The dispersion and covering optima differ even on this small example: dispersion selects cities at the rim of the map, while covering pulls inward to keep every city near a centre.
disp <- ExactMaxMin(4L, eurodist)
labels(eurodist)[disp] # dispersion: pushed to the extremes
#> [1] "Athens" "Lisbon" "Milan" "Stockholm"
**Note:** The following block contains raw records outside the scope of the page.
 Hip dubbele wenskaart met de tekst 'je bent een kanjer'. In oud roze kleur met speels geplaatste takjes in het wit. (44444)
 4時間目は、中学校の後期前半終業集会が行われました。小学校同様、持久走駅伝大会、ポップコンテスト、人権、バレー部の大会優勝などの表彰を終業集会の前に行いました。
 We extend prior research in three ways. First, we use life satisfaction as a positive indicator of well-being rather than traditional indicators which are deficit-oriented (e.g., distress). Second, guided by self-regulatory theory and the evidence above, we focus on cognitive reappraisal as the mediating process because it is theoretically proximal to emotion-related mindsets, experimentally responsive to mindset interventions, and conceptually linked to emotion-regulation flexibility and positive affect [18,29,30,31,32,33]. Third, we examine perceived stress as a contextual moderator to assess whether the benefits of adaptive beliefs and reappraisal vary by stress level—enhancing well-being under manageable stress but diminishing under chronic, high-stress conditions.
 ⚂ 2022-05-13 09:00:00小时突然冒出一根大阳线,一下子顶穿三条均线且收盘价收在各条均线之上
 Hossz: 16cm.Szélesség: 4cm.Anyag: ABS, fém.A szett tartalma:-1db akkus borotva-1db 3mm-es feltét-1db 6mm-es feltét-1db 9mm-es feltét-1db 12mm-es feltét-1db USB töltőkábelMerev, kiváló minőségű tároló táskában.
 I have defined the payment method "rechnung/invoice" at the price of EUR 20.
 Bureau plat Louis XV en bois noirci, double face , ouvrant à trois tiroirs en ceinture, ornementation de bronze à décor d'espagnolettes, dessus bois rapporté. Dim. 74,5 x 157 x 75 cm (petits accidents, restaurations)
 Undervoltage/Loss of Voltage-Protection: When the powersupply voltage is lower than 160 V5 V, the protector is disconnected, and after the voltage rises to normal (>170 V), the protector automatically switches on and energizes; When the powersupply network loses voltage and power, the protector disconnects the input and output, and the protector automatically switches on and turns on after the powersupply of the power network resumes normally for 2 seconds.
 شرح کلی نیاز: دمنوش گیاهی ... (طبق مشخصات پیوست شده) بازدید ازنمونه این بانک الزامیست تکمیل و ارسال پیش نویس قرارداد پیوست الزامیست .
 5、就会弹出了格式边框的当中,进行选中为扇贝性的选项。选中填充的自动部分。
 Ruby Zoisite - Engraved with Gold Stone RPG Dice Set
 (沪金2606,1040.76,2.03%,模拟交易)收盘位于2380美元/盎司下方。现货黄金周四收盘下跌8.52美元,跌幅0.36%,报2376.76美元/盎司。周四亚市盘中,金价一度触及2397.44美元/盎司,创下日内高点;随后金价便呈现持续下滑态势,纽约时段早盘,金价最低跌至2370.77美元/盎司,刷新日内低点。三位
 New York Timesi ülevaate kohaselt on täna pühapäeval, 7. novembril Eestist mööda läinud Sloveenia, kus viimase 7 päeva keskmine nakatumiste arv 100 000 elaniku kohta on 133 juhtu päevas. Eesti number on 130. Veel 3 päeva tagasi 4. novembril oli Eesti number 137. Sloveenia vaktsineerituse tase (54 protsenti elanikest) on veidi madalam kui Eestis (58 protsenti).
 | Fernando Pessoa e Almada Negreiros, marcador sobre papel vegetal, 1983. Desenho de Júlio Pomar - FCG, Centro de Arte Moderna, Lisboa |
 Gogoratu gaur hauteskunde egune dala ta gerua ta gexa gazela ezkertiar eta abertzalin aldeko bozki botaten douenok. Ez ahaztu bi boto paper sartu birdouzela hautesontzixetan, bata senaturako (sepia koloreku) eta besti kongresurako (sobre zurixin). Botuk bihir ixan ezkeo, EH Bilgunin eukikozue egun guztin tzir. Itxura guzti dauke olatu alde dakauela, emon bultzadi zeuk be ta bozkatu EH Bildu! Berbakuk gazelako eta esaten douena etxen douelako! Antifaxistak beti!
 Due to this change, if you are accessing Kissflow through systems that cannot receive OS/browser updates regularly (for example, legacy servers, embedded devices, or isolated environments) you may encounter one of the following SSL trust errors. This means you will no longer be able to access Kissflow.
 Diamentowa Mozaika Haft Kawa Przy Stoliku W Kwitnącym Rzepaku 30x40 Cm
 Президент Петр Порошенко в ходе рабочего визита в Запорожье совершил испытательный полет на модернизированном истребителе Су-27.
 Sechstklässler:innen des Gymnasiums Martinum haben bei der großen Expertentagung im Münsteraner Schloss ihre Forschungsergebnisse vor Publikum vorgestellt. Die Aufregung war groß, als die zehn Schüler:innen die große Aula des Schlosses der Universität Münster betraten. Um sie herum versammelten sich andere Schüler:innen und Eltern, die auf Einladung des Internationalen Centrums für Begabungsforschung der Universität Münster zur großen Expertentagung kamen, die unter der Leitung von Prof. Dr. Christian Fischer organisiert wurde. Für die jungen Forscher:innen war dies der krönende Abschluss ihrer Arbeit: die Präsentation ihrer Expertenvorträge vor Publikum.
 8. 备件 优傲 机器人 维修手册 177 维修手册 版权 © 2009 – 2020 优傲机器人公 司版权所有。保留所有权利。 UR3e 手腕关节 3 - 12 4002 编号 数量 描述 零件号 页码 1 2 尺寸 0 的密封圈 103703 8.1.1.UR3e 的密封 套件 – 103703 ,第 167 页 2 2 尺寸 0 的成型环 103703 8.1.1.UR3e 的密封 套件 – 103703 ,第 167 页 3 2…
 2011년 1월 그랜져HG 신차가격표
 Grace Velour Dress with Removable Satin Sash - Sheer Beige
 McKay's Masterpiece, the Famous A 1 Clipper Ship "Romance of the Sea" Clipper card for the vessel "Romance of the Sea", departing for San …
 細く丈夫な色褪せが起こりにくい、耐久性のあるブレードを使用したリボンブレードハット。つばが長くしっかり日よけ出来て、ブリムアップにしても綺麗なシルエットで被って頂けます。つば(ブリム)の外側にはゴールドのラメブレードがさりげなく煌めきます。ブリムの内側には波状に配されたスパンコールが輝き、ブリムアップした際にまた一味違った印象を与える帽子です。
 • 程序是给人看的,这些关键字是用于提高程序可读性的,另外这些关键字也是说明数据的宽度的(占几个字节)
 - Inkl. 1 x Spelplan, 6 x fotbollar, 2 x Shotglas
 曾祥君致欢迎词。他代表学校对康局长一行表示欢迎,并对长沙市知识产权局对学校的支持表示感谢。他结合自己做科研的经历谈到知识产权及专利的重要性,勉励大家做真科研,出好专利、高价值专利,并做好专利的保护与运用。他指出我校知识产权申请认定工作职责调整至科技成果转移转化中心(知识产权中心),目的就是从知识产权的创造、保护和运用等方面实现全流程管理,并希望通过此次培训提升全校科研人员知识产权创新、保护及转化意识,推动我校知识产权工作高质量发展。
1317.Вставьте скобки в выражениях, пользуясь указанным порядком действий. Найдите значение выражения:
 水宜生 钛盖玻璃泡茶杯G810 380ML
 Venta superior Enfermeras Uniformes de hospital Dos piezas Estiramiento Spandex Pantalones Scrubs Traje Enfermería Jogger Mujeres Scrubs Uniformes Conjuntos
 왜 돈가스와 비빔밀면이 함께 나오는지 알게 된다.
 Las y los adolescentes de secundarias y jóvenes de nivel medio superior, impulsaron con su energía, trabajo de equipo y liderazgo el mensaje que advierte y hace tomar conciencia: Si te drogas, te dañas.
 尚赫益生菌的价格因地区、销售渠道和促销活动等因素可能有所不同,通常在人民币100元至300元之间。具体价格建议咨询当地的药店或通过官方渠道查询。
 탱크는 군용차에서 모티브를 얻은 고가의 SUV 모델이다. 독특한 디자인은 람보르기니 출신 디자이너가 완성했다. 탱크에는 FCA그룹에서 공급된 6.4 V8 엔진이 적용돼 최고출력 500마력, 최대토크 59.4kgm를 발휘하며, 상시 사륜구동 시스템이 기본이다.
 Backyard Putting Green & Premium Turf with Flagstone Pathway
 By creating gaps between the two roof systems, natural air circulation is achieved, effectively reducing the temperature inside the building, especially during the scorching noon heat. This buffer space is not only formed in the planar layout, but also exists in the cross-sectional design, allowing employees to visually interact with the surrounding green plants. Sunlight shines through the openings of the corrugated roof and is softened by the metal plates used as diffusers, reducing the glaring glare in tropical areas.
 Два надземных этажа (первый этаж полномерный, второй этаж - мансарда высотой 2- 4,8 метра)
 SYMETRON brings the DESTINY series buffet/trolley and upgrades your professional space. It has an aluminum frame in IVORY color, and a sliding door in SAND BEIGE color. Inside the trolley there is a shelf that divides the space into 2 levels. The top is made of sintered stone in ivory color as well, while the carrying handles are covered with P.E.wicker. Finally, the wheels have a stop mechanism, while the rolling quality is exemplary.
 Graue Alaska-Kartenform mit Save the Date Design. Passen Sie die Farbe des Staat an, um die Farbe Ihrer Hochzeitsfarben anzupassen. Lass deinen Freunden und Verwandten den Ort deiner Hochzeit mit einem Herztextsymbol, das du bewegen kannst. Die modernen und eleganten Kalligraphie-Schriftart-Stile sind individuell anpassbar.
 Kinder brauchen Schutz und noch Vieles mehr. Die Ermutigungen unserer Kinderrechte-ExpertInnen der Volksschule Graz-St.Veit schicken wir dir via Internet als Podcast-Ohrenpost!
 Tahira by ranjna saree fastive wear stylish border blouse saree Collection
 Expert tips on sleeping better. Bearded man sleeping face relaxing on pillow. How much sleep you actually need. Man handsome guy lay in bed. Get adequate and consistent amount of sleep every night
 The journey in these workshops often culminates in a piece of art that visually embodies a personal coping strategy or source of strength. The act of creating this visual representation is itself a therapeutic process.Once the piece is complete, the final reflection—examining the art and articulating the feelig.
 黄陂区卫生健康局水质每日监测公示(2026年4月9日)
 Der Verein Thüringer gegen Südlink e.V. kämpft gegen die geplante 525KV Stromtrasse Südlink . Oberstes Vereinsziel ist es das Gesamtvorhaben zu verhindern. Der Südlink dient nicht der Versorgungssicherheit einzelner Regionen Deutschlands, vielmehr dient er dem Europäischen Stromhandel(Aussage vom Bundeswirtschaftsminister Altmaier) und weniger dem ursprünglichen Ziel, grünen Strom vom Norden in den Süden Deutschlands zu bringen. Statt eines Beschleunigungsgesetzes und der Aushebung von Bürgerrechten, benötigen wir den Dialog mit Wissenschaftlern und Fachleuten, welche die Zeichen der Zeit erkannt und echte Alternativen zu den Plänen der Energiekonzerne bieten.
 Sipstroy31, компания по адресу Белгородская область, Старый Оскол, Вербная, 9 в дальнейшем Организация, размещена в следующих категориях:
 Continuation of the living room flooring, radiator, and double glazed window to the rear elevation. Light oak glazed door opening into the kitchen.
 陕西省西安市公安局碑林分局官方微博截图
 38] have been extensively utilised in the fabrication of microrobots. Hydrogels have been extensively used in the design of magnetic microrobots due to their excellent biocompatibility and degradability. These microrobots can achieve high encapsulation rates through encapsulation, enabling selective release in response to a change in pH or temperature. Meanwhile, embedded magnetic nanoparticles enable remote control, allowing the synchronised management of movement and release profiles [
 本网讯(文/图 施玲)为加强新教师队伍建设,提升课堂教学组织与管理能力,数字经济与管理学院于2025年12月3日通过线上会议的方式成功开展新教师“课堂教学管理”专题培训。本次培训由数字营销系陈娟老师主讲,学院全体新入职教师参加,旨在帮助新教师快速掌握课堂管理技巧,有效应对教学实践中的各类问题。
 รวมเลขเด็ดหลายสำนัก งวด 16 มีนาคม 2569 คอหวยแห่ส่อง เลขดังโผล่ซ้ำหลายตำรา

labels(eurodist)[kc] # covering: pulled toward the interior
#> [1] "Cologne" "Copenhagen" "Madrid" "Rome"When to use which method
For dispersion (spread the selection; maximize Tk):
| Scenario | Recommended |
|---|---|
| Speed matters most |
FarFirst() (ensemble default) |
| Deterministic, good quality valued | DropAdd() |
Best quality, set.seed() for reproducibility |
Grasp() |
| N > 46 000 (distance matrix infeasible) |
DropAdd(points = ...) or FarFirst(points = ...)
|
| Arbitrary metric with no coordinate embedding | FarFirst(<column function>, N = ...) |
| Proven optimum, N ≤ ~ 25–30, highs installed | ExactMaxMin() |
| Score a selection’s Tk | MinDist() |
For covering (minimise the radius; no point far from a centre):
| Scenario | Recommended |
|---|---|
| Near-optimal covering, fast and deterministic |
KCentre() (CDSh) |
| Quick 2-approximation baseline | FarFirst(strategy = "peripheral") |
| Proven optimum, small N, highs installed | ExactKCentre() |
| Score a centre set’s covering radius (matrix-free at large N) | KCentreRadius(points = ...) |
Related problems
MaxMin selects a subset from a given set of elements. Several established packages solve neighbouring objectives:
-
k-medoids / k-median selects elements that minimize the mean distance from each element to its nearest centre. Implementations include:
-
cluster::pam(): generates the full O(N²) dissimilarity matrix, and hence caps at n ≤ 65 536; -
banditpam, a matrix-free \(O(N \log N)\) implementation restricted to coordinate data; -
cluster::clara()(PAM / FastPAM / FasterPAM); -
ClusterR::Cluster_Medoids().
-
k-means (
stats::kmeans()) selects elements so as to minimize the within-cluster sum of squares around centres that are coordinate means, not data points; as such, it applies only to Euclidean coordinates. k-means++ (TreeDist::KMeansPP()) initializes its selection using D²-weighted seeding, a randomized relative ofFarFirst()’s farthest-first traversal.maximinsolves the related design problem of adding new points at positions that maximize the minimum inter-point distance.